New Delhi : An Anglo-Indian body on Friday filed a PIL in the Delhi High Court seeking directions to restore the community’s representation in Parliament and the State Assemblies by nomination.
In the writ petition, the Federation of Anglo-Indian Associations in India through KMNP Law, challenged the 104th amendment to the Constitution which has taken away the nominated representation of the members of the Anglo-Indian community.
The representation was removed arbitrarily in derogation of the principles of equality as well as the rights enumerated in Article 21, 29, 38, 39A, and the underlying principles in the Preamble of the Constitution of India, the plea argued.
After hearing the matter, a division bench comprising Acting Chief Justice Vipin Sanghi and Justice Navin Chawla asked the Centre to file relevant documents and parliamentary committee debates on the issue within six weeks.
The matter will be further heard on November 18.
Adv Kuriakose Varghese, appeared for the petitioner.
Describing the history of the Anglo-Indian community, the plea said the ostracism encountered from the mainstream, the mixed European-Indian parentage, and their spatial distribution across the length and breadth of the country in small pockets, potentially prevented the coalescing of votes; during elections.
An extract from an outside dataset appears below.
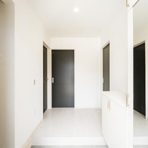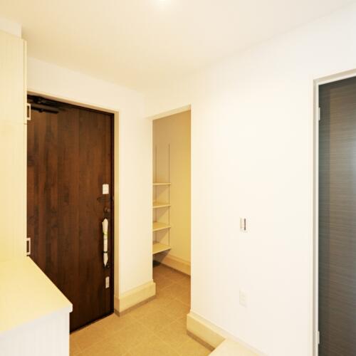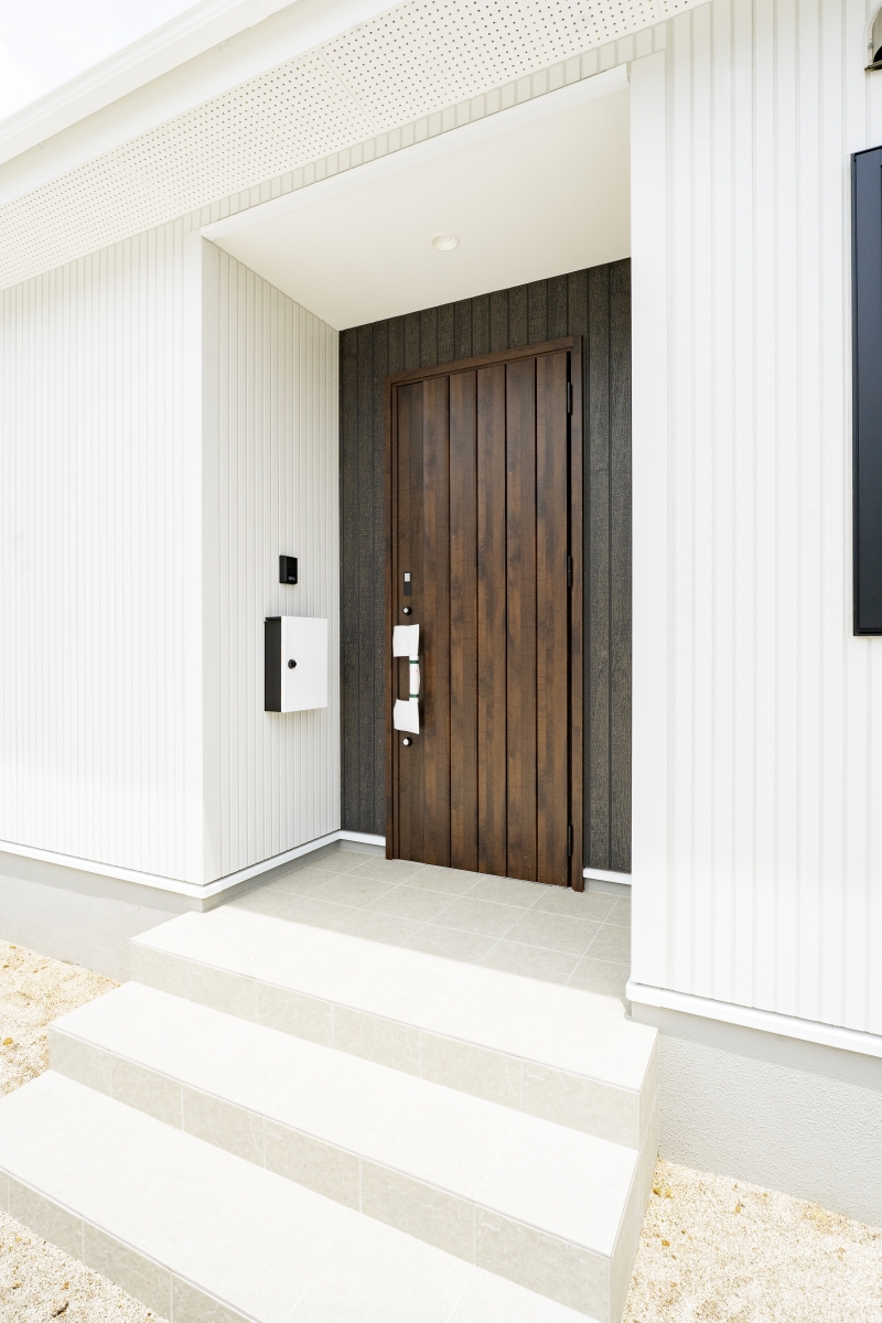 玄関ドアは重厚なダークブラウンの木調デザイン。インターホン・ポストも出入口にすっきりまとまっています。

Thus, adequate representation was the raison d’ etre for the constitutional safeguard enshrined in Constitution. The arbitrary consequence of the Impugned Amendment Act would be the permanent removal of the entire community from effective representational democracy, for the very first time since the formation of the Indian Republic in 1950.
Pertinently, the aforesaid constitutional safeguard prevented their elimination from the political mainstream and also allowed the Anglo-Indian community a voice in the Parliament and the Assemblies, it read.
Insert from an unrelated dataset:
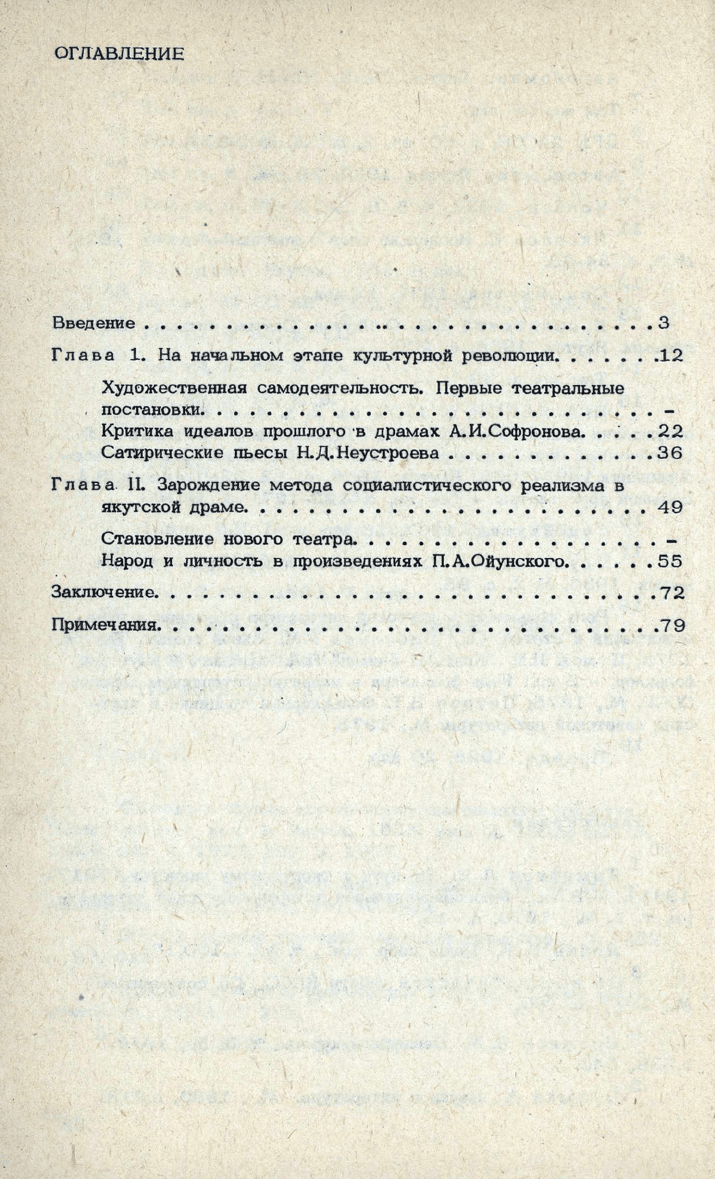 В работе рассматривается развитие якутской драматургии 20-х годов как части всесоюзного культурного процесса. Выявляется влияние на становление драмы литературных и фольклорных традиций, театральных форм. Показаны эволюция реалистических принципов изображения в пьесах данного десятилетия, зарождение метода социалистического реализма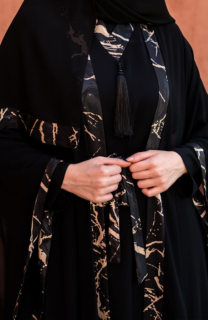 عباية سوداء شيفون بشكل ملحفة من مصنع فيفر هي قطعة أساسية في خزانة كل امرأة محتشمة وأنيقة. تتميز هذه العباية بتصميمها الأنيق والأنثوي، حيث تأتي بقماش الشيفون الخفيف والناعم الذي يضفي عليها مظهراً راقياً. كما تتميز العباية بقصتها الواسعة التي تجعلها مريحة للارتداء طوال اليوم. احصلي على هذه العباية الجميلة وأضفي لمسة من الأناقة والجمال إلى إطلالتك اليومية.

Unfortunately, it further said, the Impugned Amendment Act unfairly tears asunder this constitutional provision, enshrined in Article 334 (b) of the Constitution of India and has arbitrarily relegated only the Anglo-Indian community to the political doldrums – without any representation in the Parliament or the Assemblies.
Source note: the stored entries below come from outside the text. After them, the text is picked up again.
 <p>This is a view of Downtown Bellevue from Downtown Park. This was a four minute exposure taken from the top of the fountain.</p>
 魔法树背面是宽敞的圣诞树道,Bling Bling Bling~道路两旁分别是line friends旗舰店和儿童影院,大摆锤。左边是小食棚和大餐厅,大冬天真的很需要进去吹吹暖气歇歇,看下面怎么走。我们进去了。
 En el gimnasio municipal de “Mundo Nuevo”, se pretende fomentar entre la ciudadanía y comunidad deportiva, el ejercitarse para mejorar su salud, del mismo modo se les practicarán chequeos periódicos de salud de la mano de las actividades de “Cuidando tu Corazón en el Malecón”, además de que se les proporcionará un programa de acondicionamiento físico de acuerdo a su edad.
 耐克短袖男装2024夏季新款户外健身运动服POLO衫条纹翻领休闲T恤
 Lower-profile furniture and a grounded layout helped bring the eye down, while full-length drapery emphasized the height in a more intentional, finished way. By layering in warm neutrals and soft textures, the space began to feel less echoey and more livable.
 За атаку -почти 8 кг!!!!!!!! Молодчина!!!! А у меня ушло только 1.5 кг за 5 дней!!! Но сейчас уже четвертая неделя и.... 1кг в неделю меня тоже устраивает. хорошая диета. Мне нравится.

Inexplicably, the Constitutional Amendment on the one hand continues with the reservation to the SC and ST communities, but unjustly denies an equal benefit of representation to the similarly situated Anglo-Indian community. The equality clause and the equal protection of the laws have been unreasonably denied to the Anglo-Indian community; apart from the glaring fact that there was no proper study (in any manner whatsoever) that was conducted to identify the backwardness of the Anglo-Indian community, the plea read.